The content of this course assumes and complements the knowledge previously acquired in the subject "Elasticity and Strength of Materials". During the development of this course it is intended that students acquire skills in solving problems of structural design and mechanical elements formed from the union of prismatic bars as well as analysis techniques to deal with deformable solids. In addition, it helps to introduce mechanical design concepts useful in the design of structures of diverse functionality.

The first topic is devoted to complete the analysis of bending, particularly unsymmetrical bending and combined bending with axial force. In the next topic, the concept of hyperstaticity in bending and its application to solving simple statically indeterminate structures by classical methods are exposed, with special emphasis on the method of forces. In the third issue the torsion theory and its application to pieces of circular cross-section is addressed. Next, two issues of considerable interest are presented: the buckling instability and the energy theorems. The program is completed with a brief exposition of the elementary theory of impact problems. With this course the student will have the basic knowledge to successfully address problems of calculation and design of solids formed by prismatic bars.

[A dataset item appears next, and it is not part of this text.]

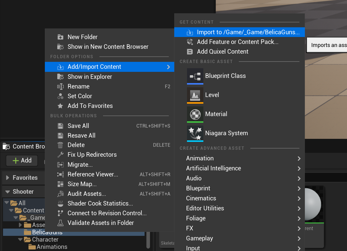 이를 위해 해당 강의에서 2가지 방법을 다루었는데 먼저 따로 총기만 있는 에셋을 다운하여 임포트한 부분이다.

As mentioned before, this course is a continuation of the course "Elasticity and Strength of Materials" and is part of the curricular line of Mechanical Engineering. So, like that, the subject "Solid Elastic Calculation" is based on the subjects of second course "Mechanics" and "Applied Mechanics" whose knowledge and mastery are essential to understand the behavior of structures and other mechanical parts considered as deformable solids. Obviously, the student should also have a good grasp of the fundamental concepts of "Algebra" and "Calculus" studied in the first year. Another link can also be found with another subject taught in the third year, "Theory of Mechanisms and Mechanical Vibrations", a discipline that helps determine the forces undergone by the elements of a mechanism, and from which stresses and strains can be obtained by means of the "Solid Elastic Calculation". In this way a proper design ensuring system integrity can be obtained.

The knowledge acquired in this subject also form the basis of other mechanical-type subjects of the fourth year such as "Theory of Structures and Construction", where new methods are shown in the calculation of structures formed by prismatic bars. It is also evident the relationship with the subjects "Theory of Machines" and "Machine Elements", where it is essential to obtain stresses and strains and to apply the corresponding theories of failure. Finally, the "Solid Elastic Calculation" is also basic for some subjects included in several Master courses: in the "Master in Mechanical Engineering" (a continuation of the Degree in Mechanical Engineering) and in the "Master in Industrial Engineering" (a continuation of the Degree in Industrial Technology Engineering).

The competence of the subject corresponding to the module Specific Technologies, and reflected in the memory of the degree is:

- Knowledge and ability to apply the fundamentals of elasticity and strength of materials to the behavior of real solids.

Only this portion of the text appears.